26 thoughts on “Gamifying Education – How to Make Your Classroom Truly Engaging – Extra Credits”

  1. As someone who excelled in college when he had a sense of agency (3.96 GPA and 5 honors at graduation) and who has been unemployed for a year despite every conceivable effort, I just wanted to say thank you.

    You finally crystallized in that section why I've felt so…off. I'm a strong Type A who felt his entire sense of agency ripped away from him and is frustrated and hurt that he can't find employment. Plus broke. :-p

  2. too many problems in education today. 1) too much emphasis on memorization versus intuition 2) the same path for all students, even when their interests vary to significant degrees, 3) The education system does not adapt to the most pressing issues the students are having. Students keep moving forward even when there are significant holes in understanding. 4) students are just not motivated to learn. The process of learning is not enjoyable for them.
    I believe games and Machine learning are game changers for education and an informed society. I was so board in history class.

  3. Leave it to a Canadian Pixar animator and a small team doing these videos as a hobby to be better at teaching millions of people than most teachers and professors throughout much of the world. My school had a point system that worked well for helping students stay on task and earn points that got used for various purchases, and a year end auction of items that got donated to the school. Unfortunately, the school fails in so many other ways, that a lot of students willingly ignore the topic of the class and take a nap or read/do something else more interesting to themselves, knowing they will get penalized for it. I always had an interest in Japanese mythology while growing up, go figure, when the teacher wanted us to read along through a story about some African small town villager, I had no interest in it, because of my own life in a small rural farm town I fought long and hard to disassociate myself from. My life experiences throughout the entirety of highschool has been as productive as all the time I spent on my Tamagotchi. If I got a do-over, I would have dropped out of school when I was 14 (year 2001) and never look back.

  4. I want to say a big thank you to the Extra Credits team for this episode from long ago. I am using the topic of this video as a jumping off point for a research paper for my grad class on ethics and technology in the classroom. I plan to talk about Reality Ends Here and Classcraft as examples as well. I can't remember the last time I was this excited or motivated to do a research paper. 🙂

  5. my school uses the genaric A P B BB rate (a = advansed P= proficent(pass) B=basic (barley failed) BB (you failed like hard fail) ) it is sad i wish it had an A=40 P=30 B=15 BB=0 or some variable of that. sekighara–> wikipedia—> monarch butterflies HA you have like 4 links i have 1(im only counting wiki)

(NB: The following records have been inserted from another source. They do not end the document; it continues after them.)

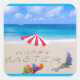 Happy Easter in the Sand Coastal Tropical Beach Square Sticker
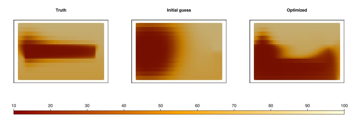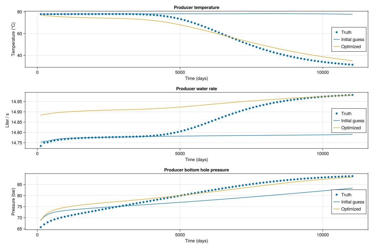 We plot the spatial results for the truth case, the initial guess, and the optimized case. The temperature is plotted in Celsius and we use the same color scale for all steps. Note that in terms of the optimizer itself, this is hidden data: The objective function only matches the well responses. Getting a good match in the spatial distribution of temperature is a side-effect of the physics and parametrization of the model, as different physics or a different parameterization could lead to good match in terms of the objective function, even without good match for the spatial distribution.
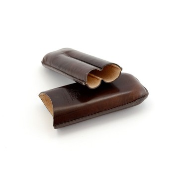 Portasigari da tasca per 2 sigari formato “Robusto”. Lavorazione in cuoio marrone.
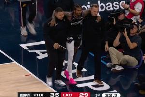 杰伦·格林此前因为左腿筋伤势缺阵了多场比赛,今天他离场时捂着自己的右腿筋部位!
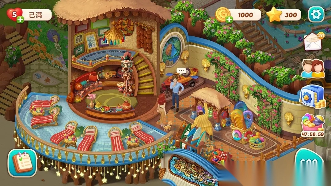 当你进入游戏后,点击位于左下角的“任务”图标。就像下图展示的那样,要翻新小路,我们需要一颗星星。
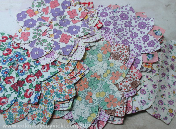 I was at the Virginia Quilt Museum and saw a large, gold, beat up tin in the gift shop and it was FULL of these basted flowers and petals. I have no idea where these flower came from but, clearly, the woman didn’t really like the quilting part of the process. I made up a story that I thought that this woman was having an affair with a man in the next town over and she worked on these as a cover activity while on the bus to the next town. No one would suspect a woman sewing of doing anything other than going to visit her family.

  6. If a student wanted to learn on their own, wouldn't that be an intrinsic motivation? If a student were intrinsically motivated to do something then they'll be interested in a topic for a longer period of time than someone who is externally motivated. We're much happier doing what we want to do than what we have to do (which probably ties into agency)

  7. How about monopoly as a tool to get people learning?

    Properties could be countries/historical figures, and to buy that property you have to do a class presentation. Instead of chance/community chest cards that penalize you in game, you can have the option to make a poster about one of the planets in the solar system.

    The child who wins the game can have a pizza party or something.

  8. wikipedia link paths?
    if it works…
    what if 2 kids get the same # of zeldas links?

  9. Here's a problem I don't see addressed by this video or in my (admittedly brief) scanning of the comments: Grades are not the same as XP. Or at least they're not where I teach. A grade is supposed to be an indication of a student's achievement of curriculum expectations (That being said, grades are problematic too, but that's another topic). In this video, grades are treated as rewards. It would be unprofessional of me to award a student XP, and then have that correlate to an actual grade, for something another student has demonstrated (as described in the one hypothetical scenario where one student's achievement can unlock extra XP for the whole class). Still, I love the idea, but the XP/grade correlation has to have integrity.

  10. Are there any case studies when this kind of gamification has been put into practice in the class room? Preferably at the university level, or any groups that are experimenting with this?